If using a uri (str) as an input type for a pyfunc model that you are intending to host for realtime inference through the MLflow Model Server, you must specify a custom model signature when logging or saving the model. The default signature input value type of bytes will, in MLflow Model serving, force the conversion of the uri string to bytes, which will cause an Exception to be thrown from the serving process stating that the soundfile is corrupt.

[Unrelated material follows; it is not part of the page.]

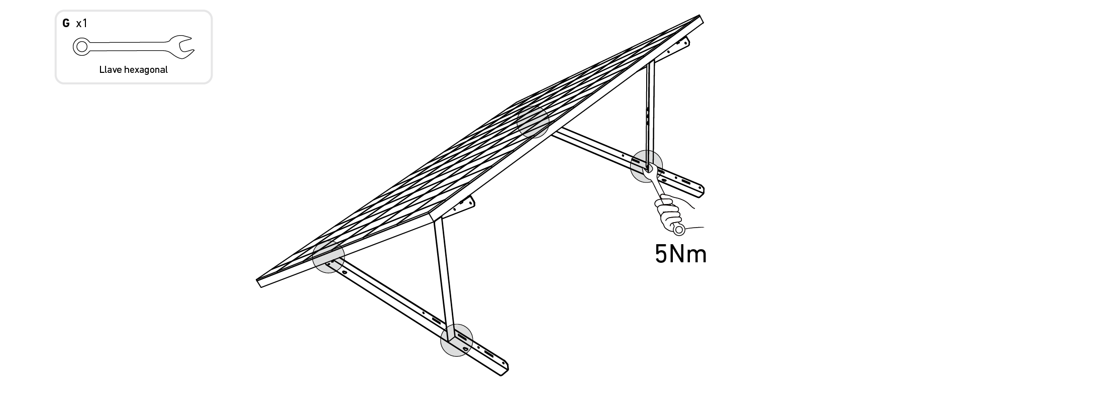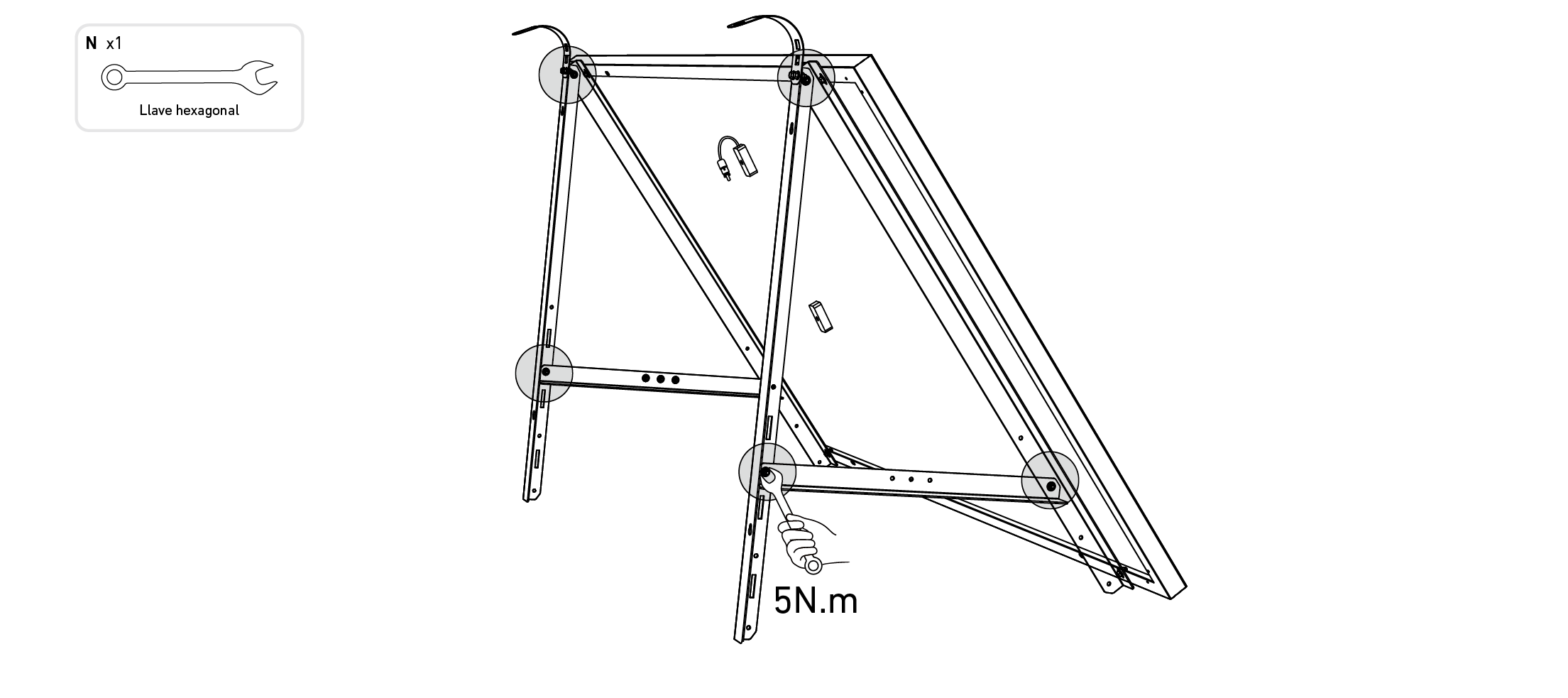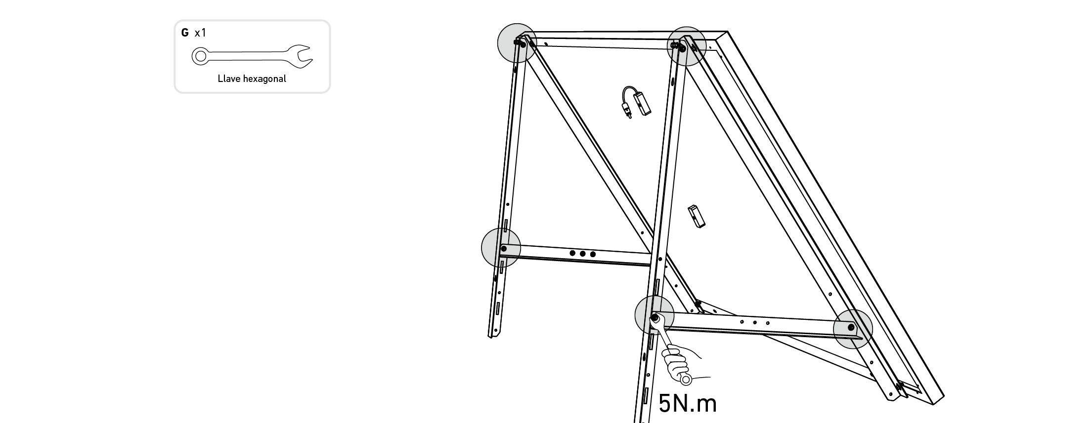 4. Apriete todos los tornillos con una llave inglesacon una torsión de 5N.m.

An example of specifying an appropriate uri-based input model signature for an audio model is shown below:

from mlflow.models import infer_signature
from mlflow.transformers import generate_signature_output

url = "https://www.mywebsite.com/sound/files/for/transcription/file111.mp3"
signature = infer_signature(url, generate_signature_output(my_audio_pipeline, url))
with mlflow.start_run():
    mlflow.transformers.log_model(
        transformers_model=my_audio_pipeline,
        artifact_path="my_transcriber",
        signature=signature,
    )
  • bytes

This is the default serialization format of audio files. It is the easiest format to utilize due to the fact that Pipeline implementations will automatically convert the audio bitrate from the file with the use of ffmpeg (a required dependency if using this format) to the bitrate required by the underlying model within the Pipeline. When using the pyfunc representation of the pipeline directly (not through serving), the sound file can be passed directly as bytes without any modification. When used through serving, the bytes data must be base64 encoded.

  • np.ndarray

This input format requires that both the bitrate has been set prior to conversion to numpy.ndarray (i.e., through the use of a package like librosa or pydub) and that the model has been saved with a signature that uses the np.ndarray format for the input.

Note

Audio models being used for serving that intend to utilize pre-formatted audio in np.ndarray format must have the model saved with a signature configuration that reflects this schema. Failure to do so will result in type casting errors due to the default signature for audio transformers pipelines being set as expecting binary (bytes) data. The serving endpoint cannot accept a union of types, so a particular model instance must choose one or the other as an allowed input type.